= Georgia Mason =

American botanist

Georgia Mason (March 16, 1910 - October 8, 2007) was a botanist at the University of Oregon and author of Guide to the Plants of the Wallowa Mountains of Northeastern Oregon, and Plants of Wet to Moist Habitats in and Around Eugene Oregon.

==Biography==

Georgia Mason was born Georgia Mavropoulos in West Orange, New Jersey, the daughter of Greek immigrants, Peter and Bessie Mavropoulos. She taught grades 1 through 7 in New Jersey public schools from 1931-1941. It was during this time, that she changed her name to Mason for easier pronunciation. From 1941 through 1958, she taught science courses to grades 6 through 9.
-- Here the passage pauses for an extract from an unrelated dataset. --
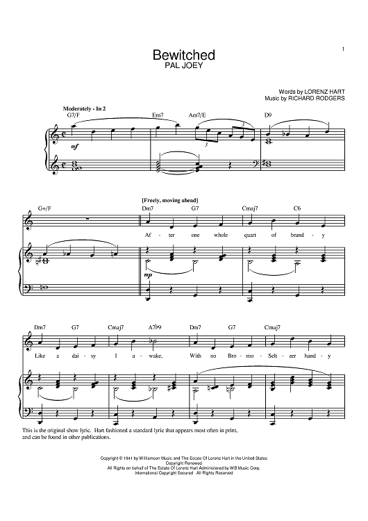 Digital Sheet Music for Bewitched by Richard Rodgers, Lorenz Hart scored for Piano/Vocal/Chords; id:397176

Mason was awarded a National Science Foundation grant to study for a Master of Science degree at Oregon State College (now Oregon State University) in Corvallis, Oregon. She started classes in 1958 at the age of 49, and graduated in 1960. She stayed in Oregon for the rest of her life.

She began collecting herbarium specimens in 1959 and began focusing on the flora of the Wallowa Mountains in 1960, working in the herbarium at Oregon State College. She served as Acting Assistant Curator of the UO Herbarium in Eugene from 1961–62, during the sabbatical of the curator, LeRoy Detling. In the late 1960s, she worked on her specimens from the Arizona State University herbarium. After Detling's death in 1970, she was hired as the curator at University of Oregon. She served in this position until retirement in 1976. Post retirement, she taught adult education courses in botany at Lane Community College in Eugene, and led native plant walks.

Guide to the Plants of the Wallowa Mountains of Northeastern Oregon was first published by the University of Oregon in 1975. Plants of Wet to Moist Habitats in and Around Eugene Oregon. was self-published in 1983. She founded an endowment for student work in the herbarium at Oregon State University in 1978.

In all, Mason donated 4,549 specimens to Oregon herbaria, fourth-most of Oregon collectors as of 2010. She also collected in Washington, Wyoming, and Nebraska. While curator at UO, she also mounted, labelled and accessioned roughly 3,000 specimens collected by Oregon botanist Lilla Leach; incorporated the approximately 3,800 collections of Eugene collector Orlin Ireland; formally accessioned hundreds of specimens; and updated names on hundreds of herbarium sheets in accordance with the 1973 "Flora of the Pacific Northwest" (Hitchcock and Cronquist) and other new floral references.